Over the last few years, the federal and many provincial governments have weakened incentives for entrepreneurs by raising personal income taxes. This budget season, which includes the Trudeau government’s 2019 budget next week, provides an opportunity for governments across Canada to reverse this trend and introduce tax policies that would attract, encourage and retain entrepreneurs.

In 2015, the federal government introduced a new 33 per cent tax bracket for entrepreneurs, professionals and successful business owners. Similar tax changes in Ontario, Alberta, British Columbia and several other provinces compounded this higher federal tax rate. Consequently, the personal income tax rate imposed on these Canadians now exceeds 50 per cent in seven provinces with the remaining provinces within a hair of 50 per cent.

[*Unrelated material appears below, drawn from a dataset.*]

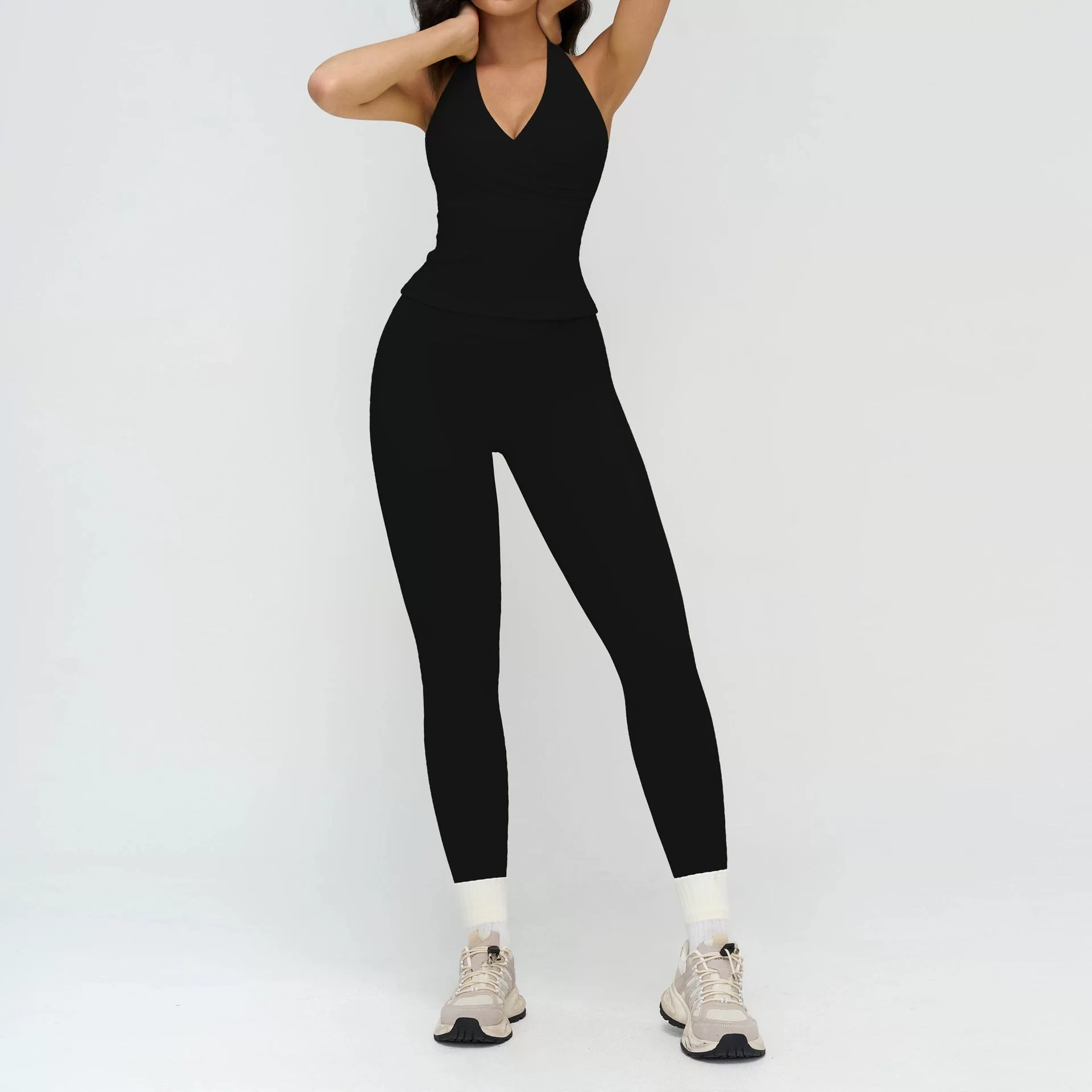 This wholesale brushed yoga set is designed for women��s cross-border activewear markets, combining warmth, performance, and a sleek, body-contouring fit. Made from soft brushed fabric, it offers a cozy, skin-friendly feel with excellent stretch for comfortable movement. The hollow open-back design adds breathability while creating a modern, stylish athletic look.

In addition to higher personal taxes, new and expanded federal and provincial regulations have made Canada a much less hospitable and attractive place to start a business, expand an existing business, or invest new capital.

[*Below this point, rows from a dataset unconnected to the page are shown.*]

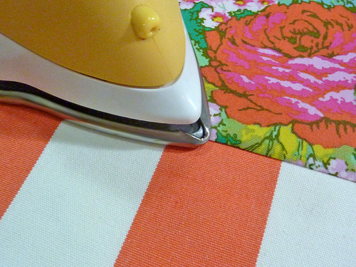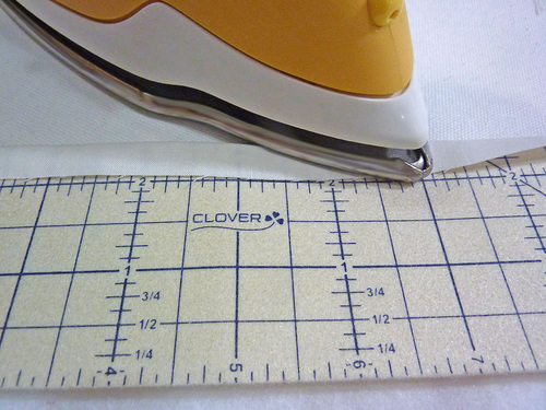 - Fold down the top raw edge of the lining ½” all around. Press in place. We used our Clover Hot Hemmer.
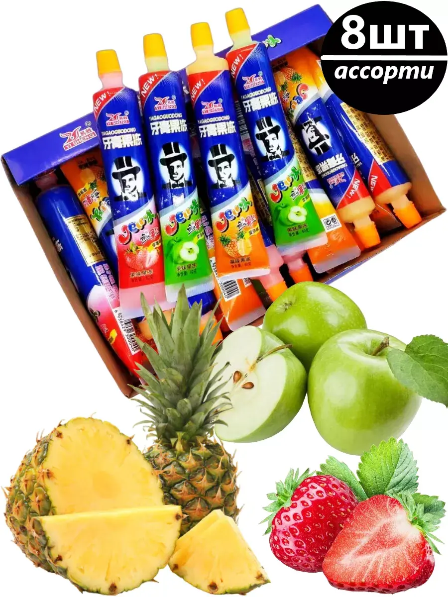 Фруктовый сок-желе в виде зубной пасты — это креативная сладость, которую оценят как взрослые, так и дети! Такой десерт из Китая по вкусу напоминает сок и мякоть настоящих фруктов. Формат "зубной пасты" это не только оригинальный дизайн, но и удобство в использовании. Просто откройте крышечку тюбика и наслаждайтесь перекусом. Сок-желе можно брать с собой на учебу или в дорогу. Благодаря удобной упаковке, сок-желе можно съедать порционно, не боясь, что содержимое разольется у вас в сумке. В наборе представлено 3 вкуса: клубника, яблоко и ананас. В таком ассорти каждый найдет для себя свой фаворит.
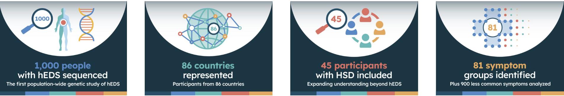 Pour les 99 % restants, le diagnostic clinique initial de hEDS (ou HSD) était correct, ce qui montre que les critères de 2017 ont été utilisés efficacement par les cliniciens et que la cohorte HEDGE est solide et fiable pour la recherche génétique.

Consider a recent study that analyzed provincial data from 1984 to 2015, which found that higher top income tax rates discourage entrepreneurship and decrease the rate of small business startups—a commonly used measure of entrepreneurship. And that a one percentage point increase in the top rate can prevent up to almost 700 new businesses from being started. (Remember, some provinces have experienced a more than eight-percentage point increase in their top tax rate when the federal increases are included.)

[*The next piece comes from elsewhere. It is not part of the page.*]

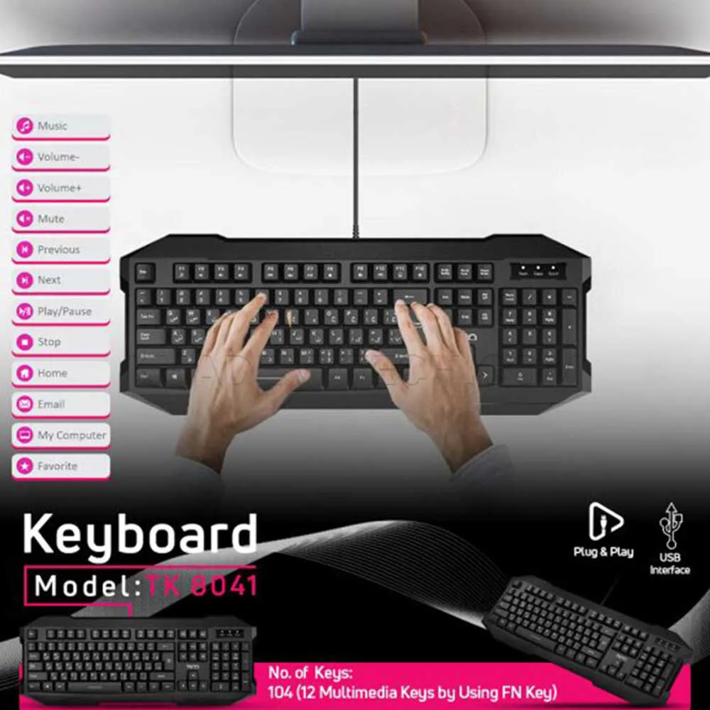 کیبورد تسکو مدل TK 8041 با طراحی ارگونومیک، کلیدهای نرم ممبران، عمر ۱۰ میلیون ضربه، اتصال USB، ۱۰۴ کلید استاندارد و ۱۲ کلید ترکیبی چندرسانهای، انتخابی دقیق و مقاوم برای تایپهای روزمره، کاری و آموزشی است.

Moreover, the decision about where to locate a new business is, in part, influenced by differences in income tax rates between jurisdictions.

Take the example of an engineer who’s considering whether to start her new firm in Canada or the United States. Among several factors, the differences in personal income tax rates between the countries stand out. Despite taking on considerable personal risk, she would face a combined top tax rate between 47.5 and 54.0 per cent in Canada compared to a low of 37.0 per cent in the U.S. Her time and effort in starting the new business provides a much lower reward in Canada. She will likely decide to live and work in the lower tax jurisdiction.

Indeed, the U.S. is Canada’s largest and most direct competitor in attracting and retaining entrepreneurs. A recent study demonstrated that Canada’s personal income tax rates are markedly less attractive for entrepreneurs than rates south of the border. For instance, the list of 10 jurisdictions with the highest combined tax rates at $150,000 of income among the U.S. states and Canadian provinces are exclusively Canadian provinces. In other words, no U.S. state—including high tax jurisdictions such as New York, California and New Jersey—have higher personal income tax rates at this level of income. Canadian tax increases come at a time when the U.S. government has implemented sweeping tax reforms to push tax rates down for business owners and entrepreneurs.

To make matters worse, Canada’s top combined personal income tax rates are among the highest in the industrialized world. Out of 34 OECD countries, Canada had the seventh highest combined top tax rate in 2017. This should be eye-opening for policymakers, as Canada is at a huge tax disadvantage for attracting and retaining entrepreneurs who we rely on for innovation, employment growth and general economic prosperity.

Clearly, high personal income tax rates have made Canada a less desirable place for entrepreneurship. During this year’s budget season, the federal and provincial governments must reduce personal income tax rates to create an environment conducive to entrepreneurship, risk-taking and growth.